EMBL-EBI scientists and collaborators at Heidelberg University have developed CORNETO, a new computational tool that uses machine learning to gain meaningful insights from complex biological data. CORNETO enables users to extract molecular networks – maps of how genes, proteins, and signalling pathways interact – by combining experimental data from different samples and conditions with prior biological knowledge, such as signalling or metabolic networks. This can help us to better understand the mechanisms that lead a cell to be healthy or diseased.
Understanding how molecules interact inside our cells is key to uncovering the mechanisms that can go wrong, leading to disease. But as the types of omics data available to researchers grow in size and complexity, researchers often struggle to extract useful, meaningful patterns from them. CORNETO, which stands for Constrained Optimisation for the Recovery of NETworks from Omics, combines machine learning techniques with biological prior knowledge to simultaneously analyse multiple types of omics data, including transcriptomics, proteomics, and metabolomics.
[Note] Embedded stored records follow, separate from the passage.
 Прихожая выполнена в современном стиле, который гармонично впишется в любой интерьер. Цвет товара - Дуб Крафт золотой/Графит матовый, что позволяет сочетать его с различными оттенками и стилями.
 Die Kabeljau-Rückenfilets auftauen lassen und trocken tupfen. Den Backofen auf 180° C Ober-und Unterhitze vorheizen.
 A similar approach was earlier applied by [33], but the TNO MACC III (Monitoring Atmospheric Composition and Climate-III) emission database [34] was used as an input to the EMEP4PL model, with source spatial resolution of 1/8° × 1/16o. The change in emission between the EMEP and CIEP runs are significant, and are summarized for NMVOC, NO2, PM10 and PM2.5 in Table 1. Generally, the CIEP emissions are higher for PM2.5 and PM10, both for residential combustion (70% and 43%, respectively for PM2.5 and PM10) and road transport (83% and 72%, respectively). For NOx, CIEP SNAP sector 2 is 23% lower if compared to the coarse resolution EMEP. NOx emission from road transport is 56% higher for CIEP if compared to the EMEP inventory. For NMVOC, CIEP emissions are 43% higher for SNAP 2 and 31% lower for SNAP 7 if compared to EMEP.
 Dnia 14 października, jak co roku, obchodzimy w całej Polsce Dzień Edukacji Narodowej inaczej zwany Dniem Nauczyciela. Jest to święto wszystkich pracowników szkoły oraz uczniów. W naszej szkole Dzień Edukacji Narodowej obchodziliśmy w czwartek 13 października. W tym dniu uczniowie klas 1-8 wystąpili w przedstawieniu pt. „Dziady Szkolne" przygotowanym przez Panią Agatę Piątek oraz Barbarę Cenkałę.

"We wanted to solve a common challenge in systems biology: how to make sense of omics data when you have so much complex data available all at once," said Julio Saez-Rodriguez, Head of Research at EMBL-EBI and Professor on leave at Heidelberg University. "CORNETO helps by combining these complex data with prior information coming from biological databases to find patterns that are consistent, interpretable, and biologically meaningful."
Unified omics analyses
Traditionally, scientists analyse data from one condition at a time – for example, comparing healthy cells to diseased ones – and build separate interaction networks for each. But this approach can miss the bigger picture. CORNETO uses machine learning to analyse multiple samples or conditions together, highlighting biological processes that are shared across datasets, and pinpointing the differences between samples. CORNETO is also designed to allow researchers to customise it for specific use cases or extend it to new data types as needed.
"Using CORNETO is like finding the common threads in a tangled web," explained Pablo Rodríguez-Mier, postdoctoral researcher at Heidelberg University. "It helps researchers pull out the key biological processes that are happening across many samples and understand what's different or the same in each one."
Real-world applications
Using CORNETO is especially valuable to researchers working in fields like cancer research, where there are similarities across patients, but no two patients are exactly alike. To demonstrate this, the researchers used CORNETO to analyse gene expression data from multiple cancer patients to discover which specific intracellular signalling pathways were behaving abnormally.
Using only transcriptomics data, CORNETO identified key deregulated kinases, enzymes that regulate cell signalling, which were also detected independently using phosphoproteomics. The resulting networks revealed both shared pathways and patient-specific differences, a step toward the kinds of insights that could one day support personalised treatment strategies.
CORNETO is also currently being used in the EU research project DECIDER to identify deregulated signalling pathways associated with chemotherapy resistance in ovarian cancer patients.
The researchers also used CORNETO to analyse metabolic pathways in yeast strains in which different genes were inactivated. Here, CORNETO was able to find the key processes the yeast cells were using to survive and grow. Understanding these essential processes could help scientists design better yeast strains for making biofuels and other products for industrial manufacturing.
Open-source and ready to use
CORNETO is available as open-source software on GitHub . Here, you can also find tutorials, example datasets, and modular code to adapt CORNETO to your needs.